Here's an example of configuration (file /etc/vector/vector.yaml) who's ingesting the stdout and stderr of docker containers and log files produced by a gitlab instance :

sources:
  log_docker:
    type: docker_logs

  log_files:
    type: file
    include:
      - "/var/opt/gitlab/gitlab-ci/builds/*/*/*.log"

transforms:
  remap_app_logs:
    inputs:
      - "log_files"
      - "log_docker"

    type: "remap"
    source: |
      .timestamp_nanos, _ = to_unix_timestamp(.timestamp, unit: "nanoseconds")

      .message = string!(.message)

      if contains(.message, "error", case_sensitive: false) || contains(.message, "errno", case_sensitive: false) {
        .message = replace(.message, r'^ERROR:[^:]*:', "")
        .severity_text = "ERROR"
      } else if contains(.message, "warn", case_sensitive: false) {
        .message = replace(.message, r'^WARNING:[^:]*:', "")
        .severity_text = "WARN"
      } else if contains(.message, "debug", case_sensitive: false) {
        .message = replace(.message, r'^DEBUG:[^:]*:', "")
        .severity_text = "DEBUG"
      } else {
        .message = replace(.message, r'^INFO:[^:]*:', "")
        .severity_text = "INFO"
      }

      .body, err = parse_json(.message)
      if err != null || is_null(.body) {
        .body = {"message": .message}
      } else {
        .body.message = .message
      }

      .resource_attributes.host.hostname, _ = get_hostname()

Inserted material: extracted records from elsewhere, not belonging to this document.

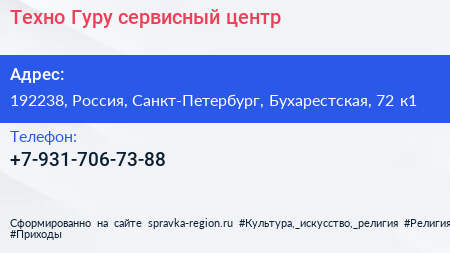 Техно Гуру, сервисный центр по адресу 192238, Россия, Санкт-Петербург, Бухарестская, 72 к1 в дальнейшем Организация, размещена в следующих категориях: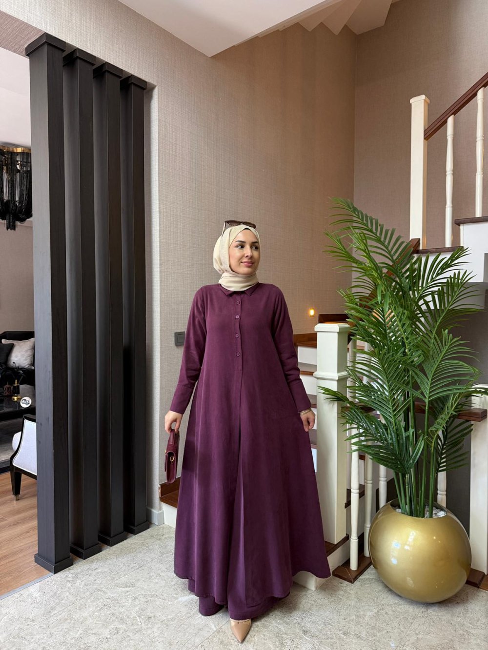 Tunik boy 138 cm’dir. Önde düğme ve yırtmaç detayı mevcuttur.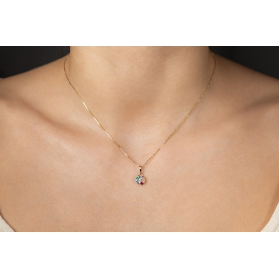 Popis produktu: Květinový přívěsek Carin, žluté zlato s různobarevnými zirkony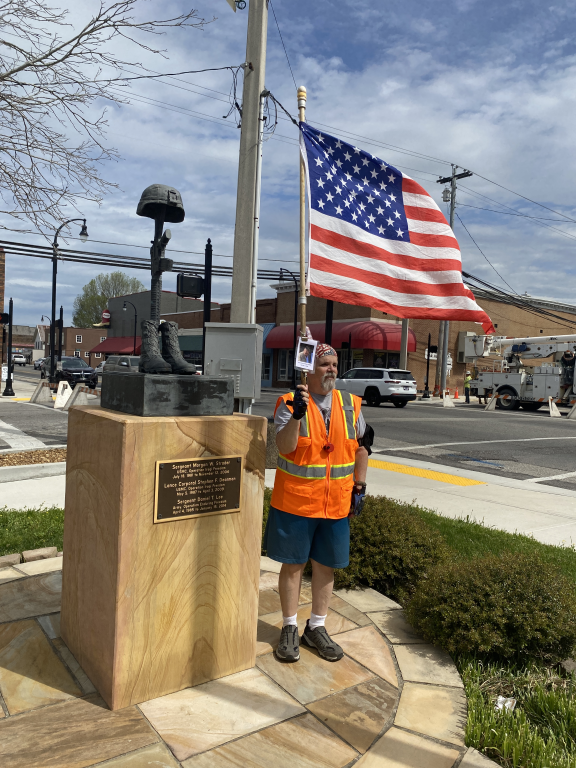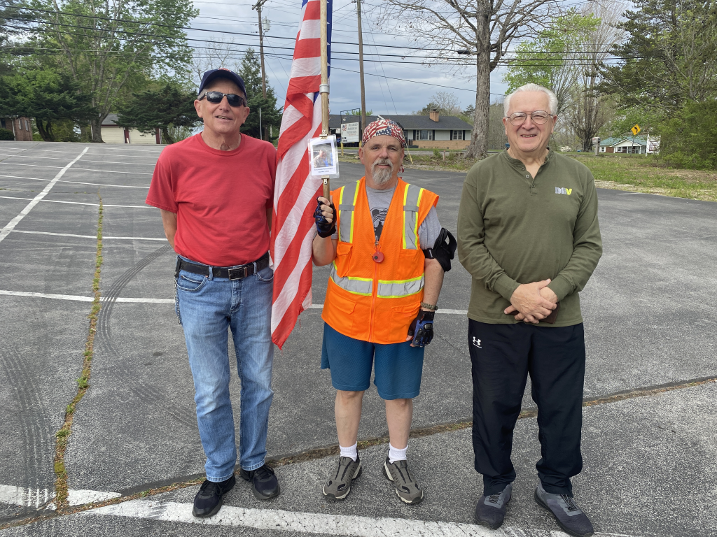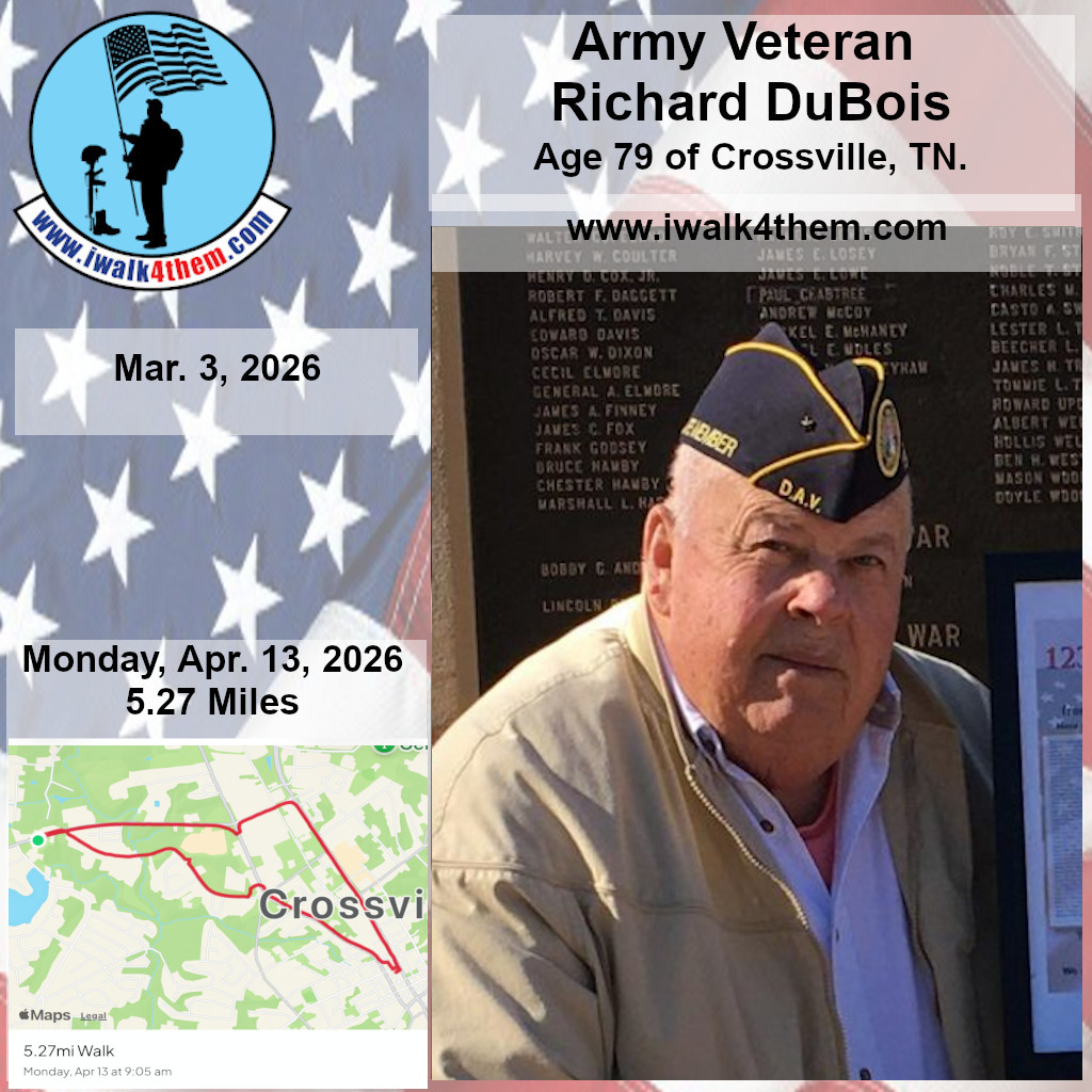 I have known Richard for around 20 years. It was a great honor to walk 5.27 miles with Army Veteran Richard DuBois today. We started out walking down Sparta Drive and made a stop in at the DAV Office where Richard was the Commander for several years. We met up with Jeff and Jeff their. We then walked up town to the Veterans Memorial Park. We had a great walk. I want to thank my friend Bob for walking with us today. Bob, Jeff, and Jeff all knew Richard. Thank you all for helping me honor this hero today. I also want to thank everyone who honked, waved, and saluted in helping me honor this hero. We had 217 honks. It was amazing. I also want to thank SPC Jordan Neal for joining us today and helping us honor this hero.

      if is_string(.container_name) {
        .service_name = .container_name
        .resource_attributes.service.name = .container_name
        .body.container_name = .container_name
      } else {
        .service_name = .resource_attributes.host.hostname
        .resource_attributes.service.name = .resource_attributes.host.hostname
      }

      if is_string(.container_id) {
        .body.container_id = del(.container_id)
      }

      if ! is_null(.container_created_at) {
        .body.container_created_at = del(.container_created_at)
      }

      if is_string(.stream) {
        .body.stream = del(.stream)
      }

      if is_string(.file) {
        .body.file = del(.file)
      }

      if is_string(.host) {
        .body.host = del(.host)
      }

      if is_string(.image) {
        .body.image = del(.image)
      }

      if ! is_null(.label) {
        .body.label = del(.label)
      }

      if is_string(.source_type) {
        .resource_attributes.source_type = .source_type
      } else if is_string(.container_name) {
        .resource_attributes.source_type = "docker"
      }

      del(.message)
      del(.timestamp)
      del(.source_type)
      del(.container_name)

sinks:
  quickwit_logs:
    type: "http"
    method: "post"
    inputs: ["remap_app_logs"]
    encoding:
      codec: "json"
    framing:
      method: "newline_delimited"
    uri: "https://quickwit:XXXXXXX@quickwit.comwork.io:443/api/v1/otel-logs-v0_7/ingest"

Replace XXXXXXX by the password defined in qw.keys.